Okay. What I have here for a demo is I have a Toshiba laptop and it's in a docking station, and inside the docking station is this new chip from C-CUBE--it's an MPEG 2 encoder/decoder chip, and plugged into that chip, we have an actual video feed from one of the cameras back there. We also have a Pioneer DVR drive connected to this system.
And what I actually just did is when you were over there on the couch, I took a feed from that video camera, and we should be able to see this come up on screen. So what you're seeing on the screen is MPEG 2 data that we real-time encoded using this chip onto the hard drive without playing it back, and this happens real-time.
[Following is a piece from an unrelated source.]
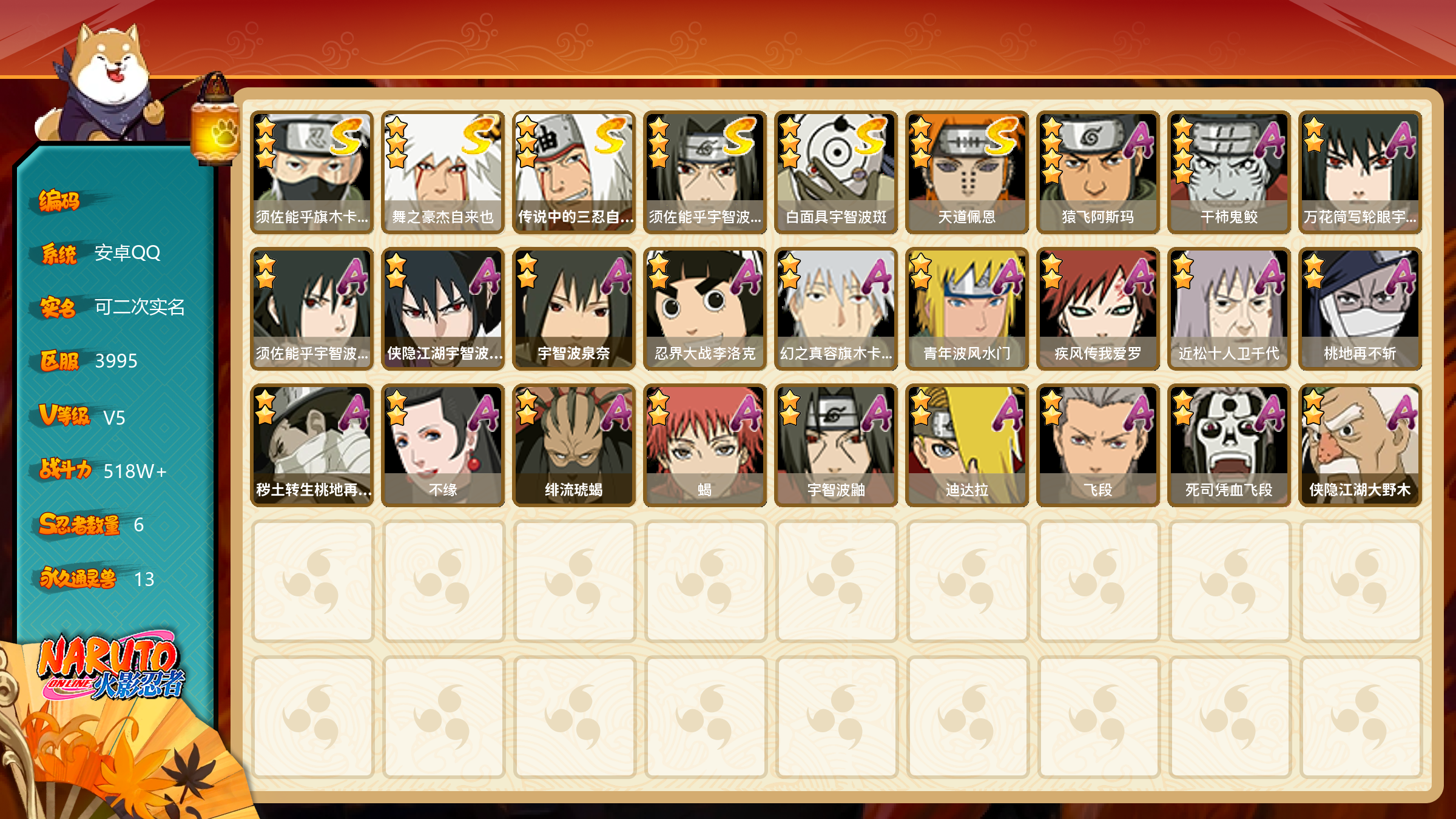 火影忍者【安卓QQ】战斗力:518W+;段位:中忍3阶;本服排名:521

MR. GATES: We're even adding capability in the Windows CE.
MR. BIDDLE: In the audio.
MR. GATES: Yes.
MR. BIDDLE: Okay. So not only can this chip encode, it can also decode, and it can decode two simultaneous streams. That has some sort of immediate ramification for end users, that the first one we want to demo is playback with two streams at the same time. And here we go.
So what we're seeing right here is that video once again, but I'm going to add "Michael Collins" from Warner Brothers. We're going to stick that in the mix. And, as I said, because we're doing two streams at the same time on the system, we can start doing per pixel transitions between the two, so you're going to see here is a set of programmable phase wipes and other transitions that are only capable if you're capable of doing two streams at the exact same time. We're not switching sources, we're actually decoding both streams simultaneously.
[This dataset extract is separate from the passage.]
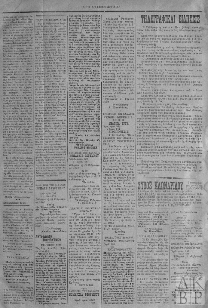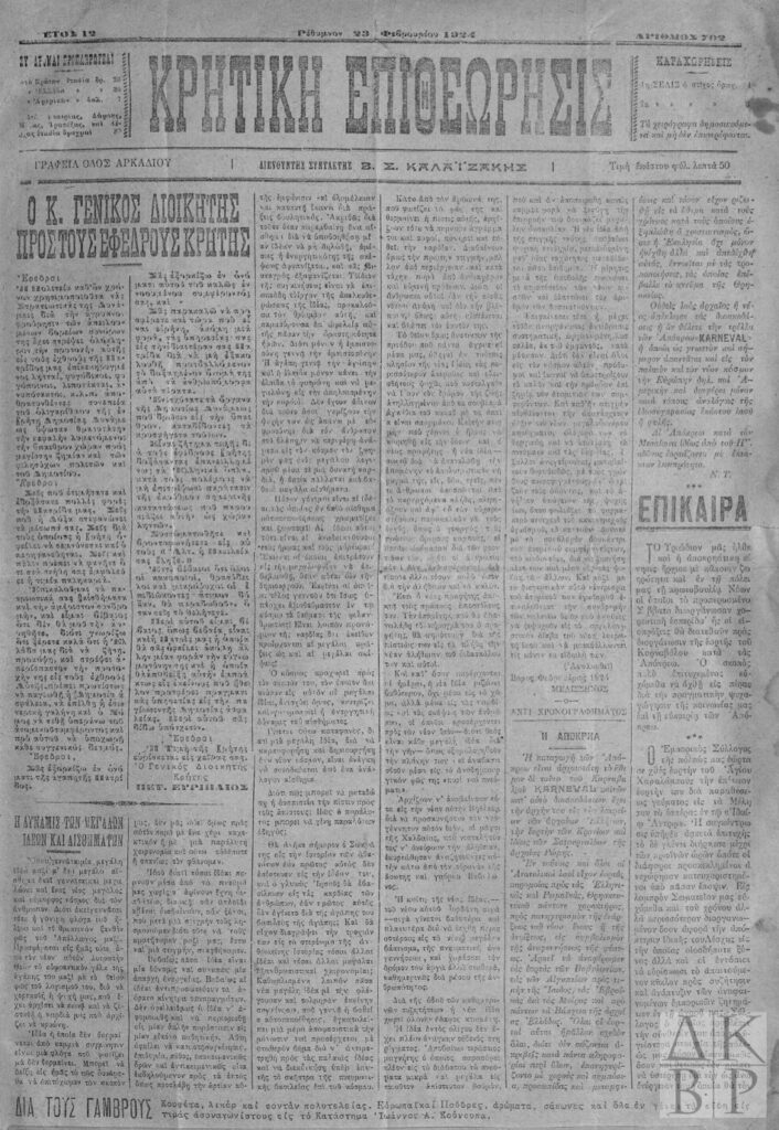 Εφημερίδα Κρητική Επιθεώρησις 23.2.1924, σ. 1,3

And this also has interesting sort of repercussion with picture-in-picture, where HDTV has, you know, very immediate benefits there, as does single-click recoding in an electronic programming guide on like a Web TV or a broadcast PC. You could go away for the weekend and stack up all your shows and digitally record them.
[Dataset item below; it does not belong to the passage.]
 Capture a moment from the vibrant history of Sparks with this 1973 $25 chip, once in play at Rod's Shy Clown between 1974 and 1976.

A system with this level of functionality would have cost about $100,000 a year ago, probably well over that, and this is going to debut at consumer price points, but what's really interesting is that we also have a DVR drive on the system.
So just to review, we took the signal, we MPEG 2 video encoded it, we MPEG 2 stereo audio encoded it, we put it down on the hard drive. Then I ran a program that turned it into DVD video format, and then we copied it down. So I'm going to pop the DVR into the system here.
So you can see this disk right here, here it is. And, as I said, we went from end to end here, and let's take a look at what happens. This is a consumer DVD video player, so we take the disk, we put it into the consumer DVD video player, and here's an act of faith. So what did we just do? In four minutes, we went from nothing, analog capture, MPEG 2, onto the hard drive, turned it into DVD video and burned it on a DVDR disk, put in a DVD video player and played it back.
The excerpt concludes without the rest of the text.